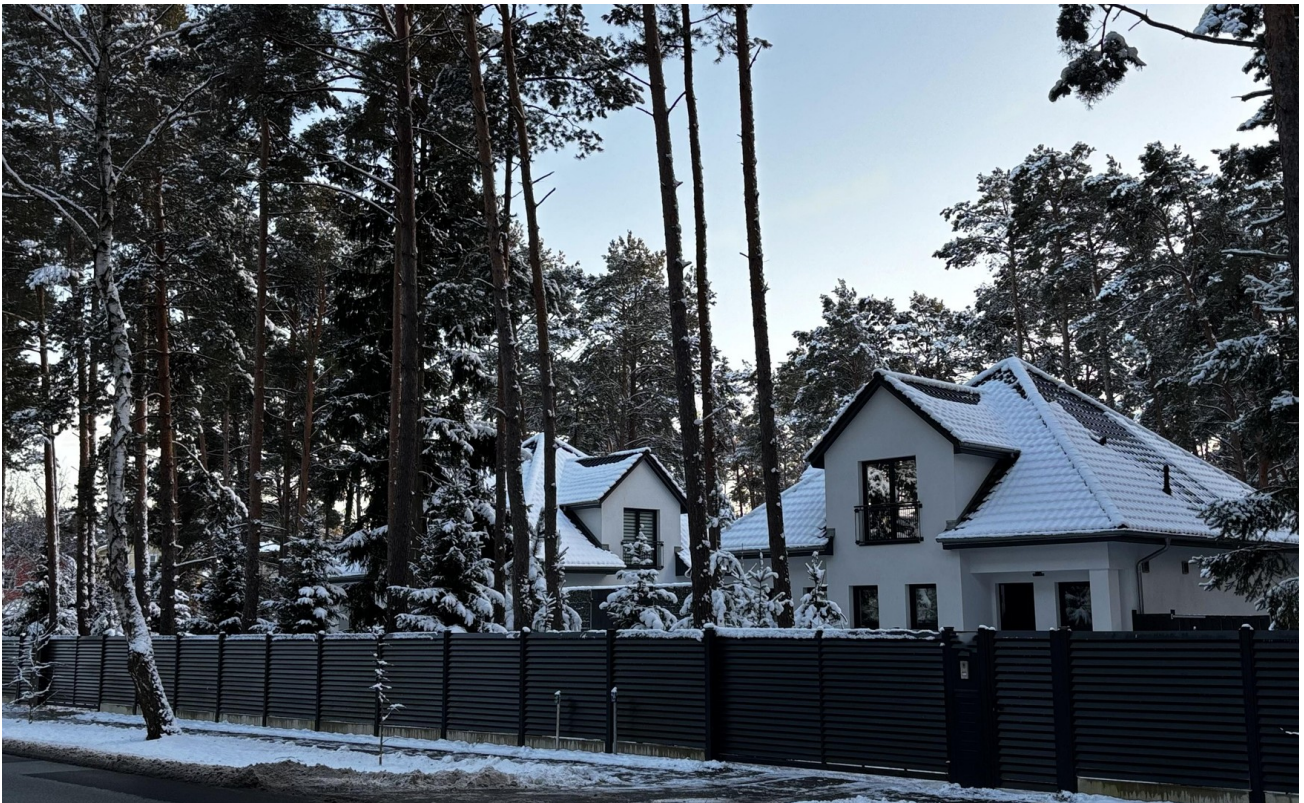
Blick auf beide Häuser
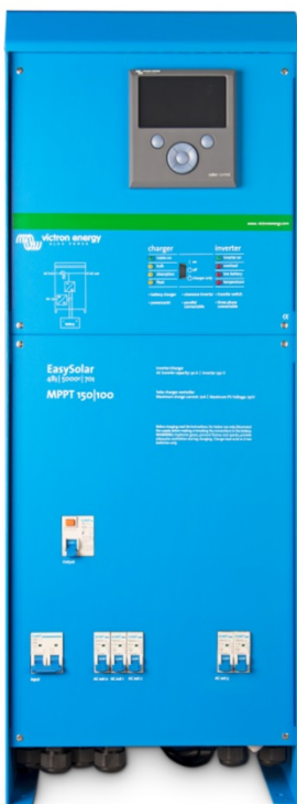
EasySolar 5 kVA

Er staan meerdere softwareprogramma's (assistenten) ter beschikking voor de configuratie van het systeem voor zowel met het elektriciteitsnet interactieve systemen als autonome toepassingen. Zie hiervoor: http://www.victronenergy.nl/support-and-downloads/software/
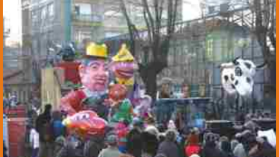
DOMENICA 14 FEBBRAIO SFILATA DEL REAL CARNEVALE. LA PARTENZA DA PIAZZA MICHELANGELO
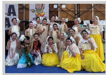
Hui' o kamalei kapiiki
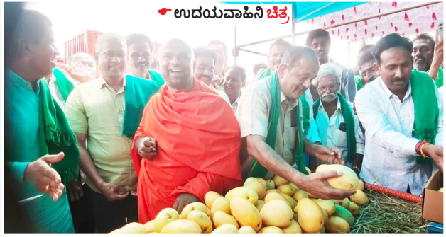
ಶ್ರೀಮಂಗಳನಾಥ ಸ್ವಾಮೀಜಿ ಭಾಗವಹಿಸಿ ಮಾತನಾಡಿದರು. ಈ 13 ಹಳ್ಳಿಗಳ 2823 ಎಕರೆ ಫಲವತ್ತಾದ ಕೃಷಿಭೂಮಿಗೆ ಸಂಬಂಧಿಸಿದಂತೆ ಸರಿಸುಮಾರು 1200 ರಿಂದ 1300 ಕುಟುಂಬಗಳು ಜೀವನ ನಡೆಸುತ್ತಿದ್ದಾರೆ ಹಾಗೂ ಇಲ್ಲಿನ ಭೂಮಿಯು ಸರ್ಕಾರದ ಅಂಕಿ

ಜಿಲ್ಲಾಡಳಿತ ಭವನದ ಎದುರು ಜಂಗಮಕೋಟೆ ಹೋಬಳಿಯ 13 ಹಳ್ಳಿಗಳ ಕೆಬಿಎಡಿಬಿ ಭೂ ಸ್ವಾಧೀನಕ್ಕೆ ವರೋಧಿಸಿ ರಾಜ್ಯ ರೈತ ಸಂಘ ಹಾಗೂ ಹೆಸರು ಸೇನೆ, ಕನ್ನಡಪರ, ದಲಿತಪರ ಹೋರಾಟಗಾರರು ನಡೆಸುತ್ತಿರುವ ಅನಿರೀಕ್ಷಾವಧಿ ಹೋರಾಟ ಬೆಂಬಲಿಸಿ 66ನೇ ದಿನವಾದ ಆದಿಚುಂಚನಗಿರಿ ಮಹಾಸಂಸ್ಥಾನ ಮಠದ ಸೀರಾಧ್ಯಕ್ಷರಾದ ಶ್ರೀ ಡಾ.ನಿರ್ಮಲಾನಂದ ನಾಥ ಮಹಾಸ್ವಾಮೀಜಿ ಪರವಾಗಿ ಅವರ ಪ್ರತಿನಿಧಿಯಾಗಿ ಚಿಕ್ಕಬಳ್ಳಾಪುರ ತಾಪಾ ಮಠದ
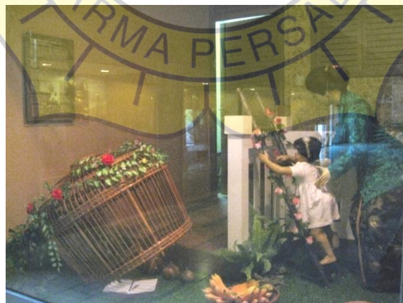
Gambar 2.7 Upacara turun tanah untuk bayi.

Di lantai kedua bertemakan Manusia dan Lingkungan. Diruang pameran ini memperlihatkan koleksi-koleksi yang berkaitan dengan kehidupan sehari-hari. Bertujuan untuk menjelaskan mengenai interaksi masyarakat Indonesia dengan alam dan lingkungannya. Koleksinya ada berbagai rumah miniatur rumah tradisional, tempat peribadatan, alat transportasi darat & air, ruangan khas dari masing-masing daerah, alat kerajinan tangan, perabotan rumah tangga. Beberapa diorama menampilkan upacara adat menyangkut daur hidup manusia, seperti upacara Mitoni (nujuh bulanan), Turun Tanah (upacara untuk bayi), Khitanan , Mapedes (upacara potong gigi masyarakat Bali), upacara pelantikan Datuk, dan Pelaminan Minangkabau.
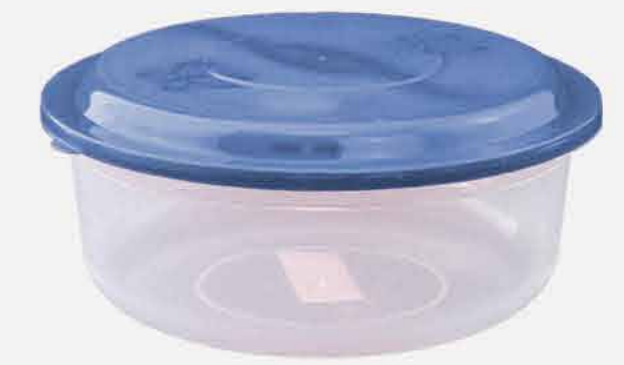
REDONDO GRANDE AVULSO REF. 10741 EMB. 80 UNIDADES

* **TASK DIRECTIONS**
Could you repeat, exactly and with nothing else, the lines from the one containing "EasySolar 5 kVA" through the last line of the records above, leaving out the pictures?

* **ANSWER TO THIS EXERCISE**
EasySolar 5 kVA

Er staan meerdere softwareprogramma's (assistenten) ter beschikking voor de configuratie van het systeem voor zowel met het elektriciteitsnet interactieve systemen als autonome toepassingen. Zie hiervoor: http://www.victronenergy.nl/support-and-downloads/software/
DOMENICA 14 FEBBRAIO SFILATA DEL REAL CARNEVALE. LA PARTENZA DA PIAZZA MICHELANGELO
Hui' o kamalei kapiiki
ಶ್ರೀಮಂಗಳನಾಥ ಸ್ವಾಮೀಜಿ ಭಾಗವಹಿಸಿ ಮಾತನಾಡಿದರು. ಈ 13 ಹಳ್ಳಿಗಳ 2823 ಎಕರೆ ಫಲವತ್ತಾದ ಕೃಷಿಭೂಮಿಗೆ ಸಂಬಂಧಿಸಿದಂತೆ ಸರಿಸುಮಾರು 1200 ರಿಂದ 1300 ಕುಟುಂಬಗಳು ಜೀವನ ನಡೆಸುತ್ತಿದ್ದಾರೆ ಹಾಗೂ ಇಲ್ಲಿನ ಭೂಮಿಯು ಸರ್ಕಾರದ ಅಂಕಿ

ಜಿಲ್ಲಾಡಳಿತ ಭವನದ ಎದುರು ಜಂಗಮಕೋಟೆ ಹೋಬಳಿಯ 13 ಹಳ್ಳಿಗಳ ಕೆಬಿಎಡಿಬಿ ಭೂ ಸ್ವಾಧೀನಕ್ಕೆ ವರೋಧಿಸಿ ರಾಜ್ಯ ರೈತ ಸಂಘ ಹಾಗೂ ಹೆಸರು ಸೇನೆ, ಕನ್ನಡಪರ, ದಲಿತಪರ ಹೋರಾಟಗಾರರು ನಡೆಸುತ್ತಿರುವ ಅನಿರೀಕ್ಷಾವಧಿ ಹೋರಾಟ ಬೆಂಬಲಿಸಿ 66ನೇ ದಿನವಾದ ಆದಿಚುಂಚನಗಿರಿ ಮಹಾಸಂಸ್ಥಾನ ಮಠದ ಸೀರಾಧ್ಯಕ್ಷರಾದ ಶ್ರೀ ಡಾ.ನಿರ್ಮಲಾನಂದ ನಾಥ ಮಹಾಸ್ವಾಮೀಜಿ ಪರವಾಗಿ ಅವರ ಪ್ರತಿನಿಧಿಯಾಗಿ ಚಿಕ್ಕಬಳ್ಳಾಪುರ ತಾಪಾ ಮಠದ
Gambar 2.7 Upacara turun tanah untuk bayi.

Di lantai kedua bertemakan Manusia dan Lingkungan. Diruang pameran ini memperlihatkan koleksi-koleksi yang berkaitan dengan kehidupan sehari-hari. Bertujuan untuk menjelaskan mengenai interaksi masyarakat Indonesia dengan alam dan lingkungannya. Koleksinya ada berbagai rumah miniatur rumah tradisional, tempat peribadatan, alat transportasi darat & air, ruangan khas dari masing-masing daerah, alat kerajinan tangan, perabotan rumah tangga. Beberapa diorama menampilkan upacara adat menyangkut daur hidup manusia, seperti upacara Mitoni (nujuh bulanan), Turun Tanah (upacara untuk bayi), Khitanan , Mapedes (upacara potong gigi masyarakat Bali), upacara pelantikan Datuk, dan Pelaminan Minangkabau.
REDONDO GRANDE AVULSO REF. 10741 EMB. 80 UNIDADES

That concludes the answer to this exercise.